◆ **Available data**
BEGIN

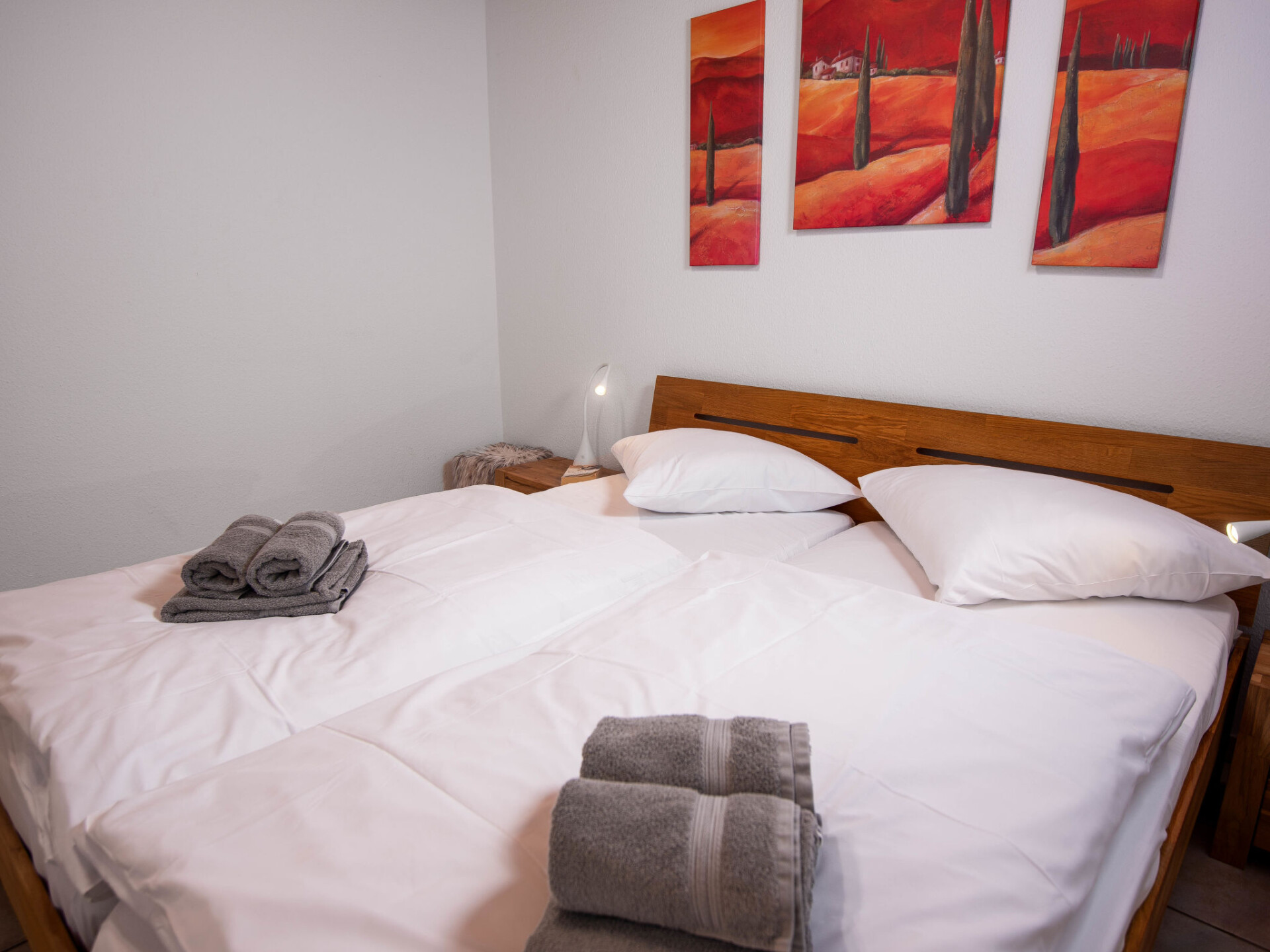 "Martina", halfvrijstaand huis 4-kamers 100 m2 op 2 verdiepingen, op de begane grond. Comfortabel en smaakvol ingericht: woon-/eetkamer 21 m2 met Sat-TV (Flatscreen TV), stereo-installatie. Uitgang naar het terras. 1 kamer 11 m2 met 1 2-pers bed (2 x 90 cm, lengte 200 cm). Kookhoek (oven, afwasmachine, 4 keramische glas kookplaten, broodrooster, waterkoker, magnetron, elektrische koffiemachine). Douche/WC. Bovenverdieping: 1 kamer 9 m2, met afgeschuinde daken met 1 2-pers bed (2 x 90 cm, lengte 200 cm), Sat-TV (Flatscreen TV), DVD. 1 kamer 10 m2, met afgeschuinde daken met 2 bedden (90 cm, lengte 200 cm). Douche/WC. Terras 20 m2, overdekt. Terrasmeubelen, barbecue. Ter beschikking: kinderstoel (extra). Internet (Internet (WiFi), gratis). Blu-Ray speler. Rookvrij huis. Rookmelders.
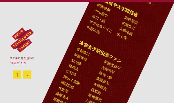 今回は応援してくださる皆さんの想いを「名城の名をかけて、ともに戦う“同走生”」として、1本のタスキに名を連ね応援する企画を実施します。
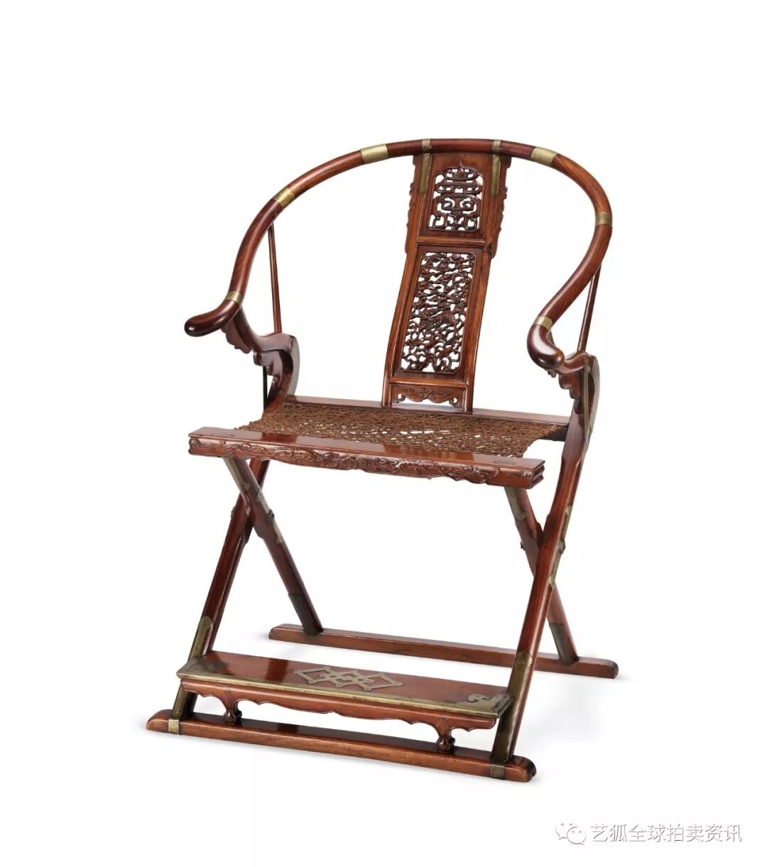 明末清初 黄花梨麒麟寿字纹圈背交椅
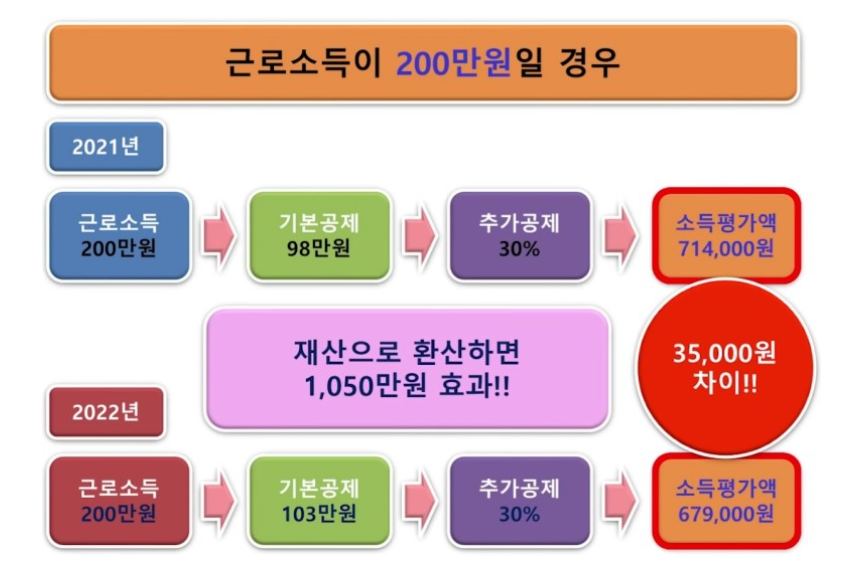 근로소득 공제액의 경우 2021년에는 98만원이었는데 올해 최저임금이 9160원으로 상향 조정되었기 때문에 103만원으로 샹항된 것입니다.

END

◆ **Task instructions**
Copy the listing word for word, excluding its pictures.

◆ **Written answer**
 "Martina", halfvrijstaand huis 4-kamers 100 m2 op 2 verdiepingen, op de begane grond. Comfortabel en smaakvol ingericht: woon-/eetkamer 21 m2 met Sat-TV (Flatscreen TV), stereo-installatie. Uitgang naar het terras. 1 kamer 11 m2 met 1 2-pers bed (2 x 90 cm, lengte 200 cm). Kookhoek (oven, afwasmachine, 4 keramische glas kookplaten, broodrooster, waterkoker, magnetron, elektrische koffiemachine). Douche/WC. Bovenverdieping: 1 kamer 9 m2, met afgeschuinde daken met 1 2-pers bed (2 x 90 cm, lengte 200 cm), Sat-TV (Flatscreen TV), DVD. 1 kamer 10 m2, met afgeschuinde daken met 2 bedden (90 cm, lengte 200 cm). Douche/WC. Terras 20 m2, overdekt. Terrasmeubelen, barbecue. Ter beschikking: kinderstoel (extra). Internet (Internet (WiFi), gratis). Blu-Ray speler. Rookvrij huis. Rookmelders.
 今回は応援してくださる皆さんの想いを「名城の名をかけて、ともに戦う“同走生”」として、1本のタスキに名を連ね応援する企画を実施します。
 明末清初 黄花梨麒麟寿字纹圈背交椅
 근로소득 공제액의 경우 2021년에는 98만원이었는데 올해 최저임금이 9160원으로 상향 조정되었기 때문에 103만원으로 샹항된 것입니다.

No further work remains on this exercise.